'''
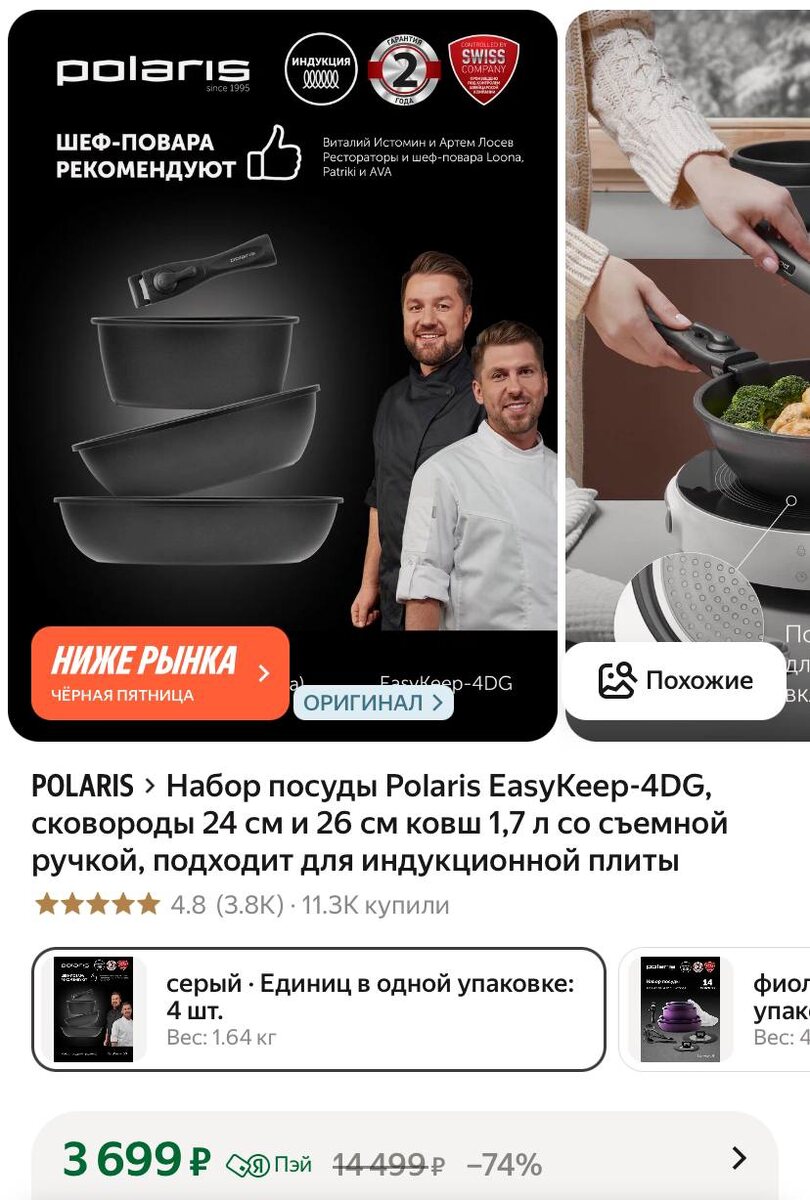 Набор посуды Polaris EasyKeep-4DG, сковороды 24 см и 26 см ковш 1,7 л со съемной ручкой, подходит для индукционной плиты https://market.yandex.ru/cc/84S4Ra ‼️ииии получаем деньги от 500 ₽ на карту за отзыв ✨✨ ✅ Подписаться 🔣 Бот с промокодами
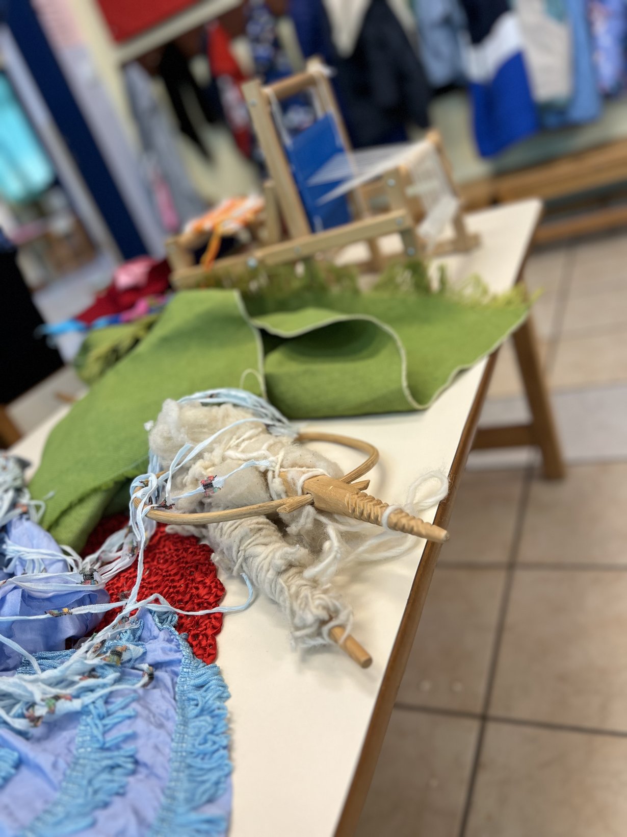 Την Παρασκευή 21 Νοεμβρίου 2025, οι μαθητές του Νηπιαγωγείου μας παρακολούθησαν στο χώρο του σχολείου το πρόγραμμα “Κόβω, ράβω, παίζω: Η Τέχνη του υφάσματος”. Γνωρίσαμε το βαμβάκι και το μαλλί και ακολουθήσαμε τη διαδρομή τους, ώσπου να γίνουν κλωστή και ύστερα ρούχο, χαλί, πάπλωμα, κουρτίνα, φουλάρι κ.α. Οι μικροί μαθητές ήρθαν σε επαφή με τον αργαλειό και άκουσαν την ιστορία των κουβαριών στο κουκλοθέατρο! Τέλος, στους μικρούς μαθητές δόθηκαν υφασμάτινες τσάντες ως αναμνηστικό, στις οποίες ζωγράφισαν ματάκια πάνω στα σκιουράκια, όπως επίσης έγραψαν και το όνομα τους!!!
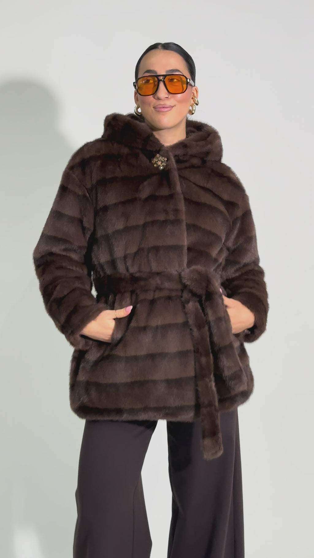 Eco pelliccia foderata con cappuccio chiusura bottone gioiello tasche laterali e fusciacca.
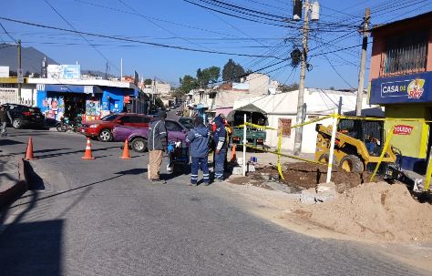 Por la complejidad de los trabajos, el paso vehicular fue cerrado y se cuenta con el apoyo de agentes de la Policía Municipal de Tránsito de Quetzaltenango (PMTQ). «
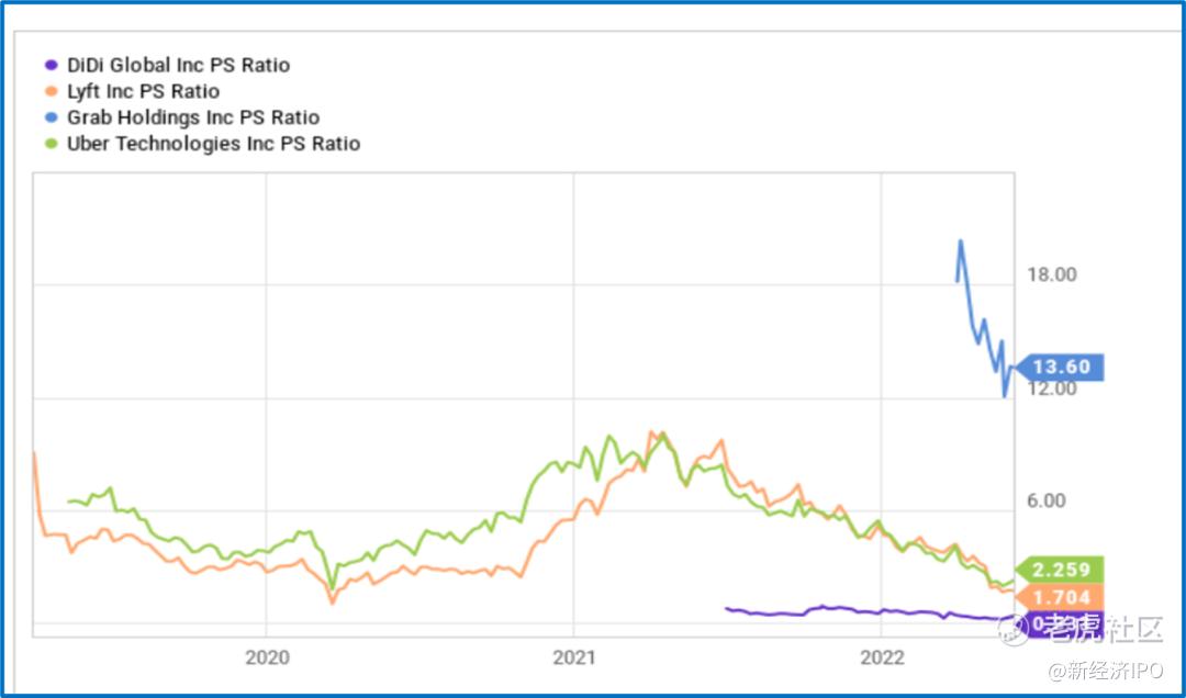 滴滴、Uber、Grab、Lyft 市销率比较。
'''
| What the task asks |
Word for word, return the listing above; the pictures do not belong in the copy.

| Result for this task |
 Набор посуды Polaris EasyKeep-4DG, сковороды 24 см и 26 см ковш 1,7 л со съемной ручкой, подходит для индукционной плиты https://market.yandex.ru/cc/84S4Ra ‼️ииии получаем деньги от 500 ₽ на карту за отзыв ✨✨ ✅ Подписаться 🔣 Бот с промокодами
 Την Παρασκευή 21 Νοεμβρίου 2025, οι μαθητές του Νηπιαγωγείου μας παρακολούθησαν στο χώρο του σχολείου το πρόγραμμα “Κόβω, ράβω, παίζω: Η Τέχνη του υφάσματος”. Γνωρίσαμε το βαμβάκι και το μαλλί και ακολουθήσαμε τη διαδρομή τους, ώσπου να γίνουν κλωστή και ύστερα ρούχο, χαλί, πάπλωμα, κουρτίνα, φουλάρι κ.α. Οι μικροί μαθητές ήρθαν σε επαφή με τον αργαλειό και άκουσαν την ιστορία των κουβαριών στο κουκλοθέατρο! Τέλος, στους μικρούς μαθητές δόθηκαν υφασμάτινες τσάντες ως αναμνηστικό, στις οποίες ζωγράφισαν ματάκια πάνω στα σκιουράκια, όπως επίσης έγραψαν και το όνομα τους!!!
 Eco pelliccia foderata con cappuccio chiusura bottone gioiello tasche laterali e fusciacca.
 Por la complejidad de los trabajos, el paso vehicular fue cerrado y se cuenta con el apoyo de agentes de la Policía Municipal de Tránsito de Quetzaltenango (PMTQ). «
 滴滴、Uber、Grab、Lyft 市销率比较。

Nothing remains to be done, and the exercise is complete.